Thursday, July 01, 2010Me! In words

When we heard that there was a Mizoram Food Festival on, we jumped at the chance. I called the Ants Cafe and informed them that we were coming almost right away. The Ants Craft Trust, registered as a Public Charitable Trust in 2009 at Bangalore is an offshoot of THE ANT, a voluntary organization working on development issues in the northeast. Besides showcasing the arts and culture of the Northeast, they also have occasional festivals such as these to promote knowledge of the area. We missed a recently conducted Naga Food Festival.

The food was served in buffet style and had a very very homely touch to it. Those who did the serving at the buffet counters came across as one big, happy family and that sort of added to the ambience of homeliness. This will be more a photo review, so here goes

Passion Fruit Juice in bamboo glasses

To begin with, we were served Passion fruit juice in beautiful crafted bamboo glasses. The trick was to drink from the tip of the glass and not from the rounded edge. The fruit juice was really pleasant and we were told that the fruit had been sourced directly from Mizoram. And now the food.

Satui Hang (Chicken Soup)

We began with the Satui Hang or the Chicken Soup. This was a clear chicken soup, which contrary to the way it looks did not taste like Indianized Chinese soup. Rather the taste of herbs was very distinctive. Josephine, the PR person for this event, explained that there are several herbs local to Mizoram that are used in the cooking and are generally not found elsewhere. Large doses of mint too heightened the taste of the soup. 

Arsa Buhchiar (Chicken Porridge)

Next came Arsa Buhchiar or chicken porridge which was to my mind like a chicken steam rice, only taken a step or two forward. These steps were mighty tasty ones I must add. The porridge was thick, creamish in texture and tasted light. Again, a few local Mizo herbs at work here. Josephine suggested we serve this to junior, but knowing our champ, we ended up eating her share as well, which was a good thing, you see. And then came the two varieties of pork. 

Vawksa Rep (Smoked Pork with Bamboo Shoots)

Vawklu Bawl ( Pork Head with sesame and spices)

Sudhakar and I love our pork and to have them in two unique ways was a delight. To begin with, the Vawksa Rep. This was smoked pork with bamboo shoots. Smoking here is done on bamboo and the smell and flavor imparted in earthy and very very different from what we are used to. This is then boiled with bamboo shoots which gives it that add crunch and texture. The Vawklu Bawl is pork head with sesame and spices. Again, a thick gravy-ish sort of dish where herbs play a huge role. Delicious even to someone like me who is not much for non-conventional parts of meat. 

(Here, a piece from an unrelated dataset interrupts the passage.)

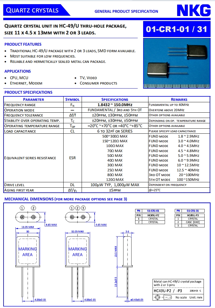 NKG晶振|01-CR1-31-20M000-T18-3050E-EXT|三腳插件晶振,NKG晶振,01-CR1-31無源晶振,三腳插件晶振,01-CR1-31-20M000-T18-3050E-EXT晶振,HC-49U晶振,石英晶體諧振器,11x4.5x13mm晶振,頻率20MHz,負載18pF,工作溫度-20~70°C,頻率容差30pm,無鉛環保晶振,高可靠性晶振,低老化晶振,智能電視晶振,消費電子產品晶振,以太網晶振,專業視頻設備晶振.

Sangha Kan (Fish in Sauce)

Another item on this buffet menu was the Sangha Kan (Fish in Sauce). Now when you say sauce here, it is not the thick cornflour based sauces that conditioned minds like ours tend to image. In fact, this is a light herb based sauce which has a generous dose of vegetable slivers added to it. Again the look of the dish may be familiar to some common styles of fish preparation, but the taste was something totally new. 

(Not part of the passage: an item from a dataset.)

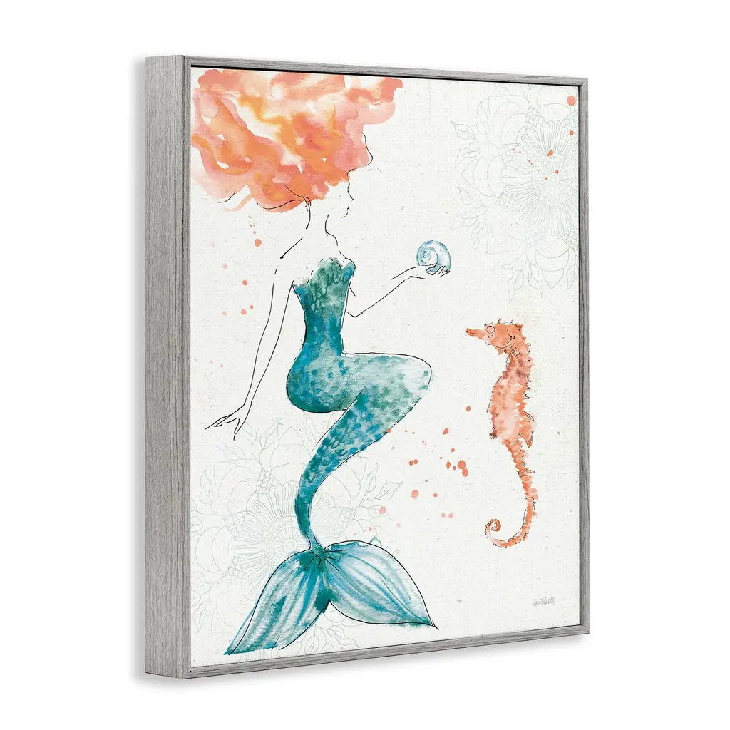 Stupell Mermaid And Ocean Seahorse Framed Giclee Texturized Wall Art, Design By Anne Tavoletti - 16 X 20 - Grey

Chhum Han (Steamed vegetables)

Chhum Han (steamed veggies). Is there a better way to eat your vegetables. I, for one don't think so. This was a mix of carrots, cabbage, cauliflower and beans. 

Bete (Stripe Bean Dal)
Chaw and Bawngsa mai leh tomata nena kan
(Rice and beef curry with pumpkin and tomato) 

Chaw (steamed rice) had two options to go with it, the Bete (stripe bean dal) which seemed like the equivalent of a light rajma and a divine beef curry. I also feel that a cook who has managed to get their beef tender has managed to nail the dish. And this was both tender and absolutely great. The tomato and pumpkin were pureed and cooked along with a melange of herbs and spices and made for a great meal. 

Bai bing leh Hmarcha te rawt (Chutney)
Bekang (fermented soya with chillies)


Though not served with every meal, Mizo food has a number of spicy chutneys and accompaniments to go with it. We sampled the two above. Bai bing, Josephine told us is made from a particular plant. The leaves are boiled and then mashed with the choicest of fiery chillies. Was it good.... of course it was... but a warning here, your palate will need to be familiar with the concept fire-breathing before you attempt both of them. The same with the fermented soya which did have me breathing fire for a while. I was glad I still had some of my passion fruit juice left. But, being a 'theeka' lover, I was in heaven. 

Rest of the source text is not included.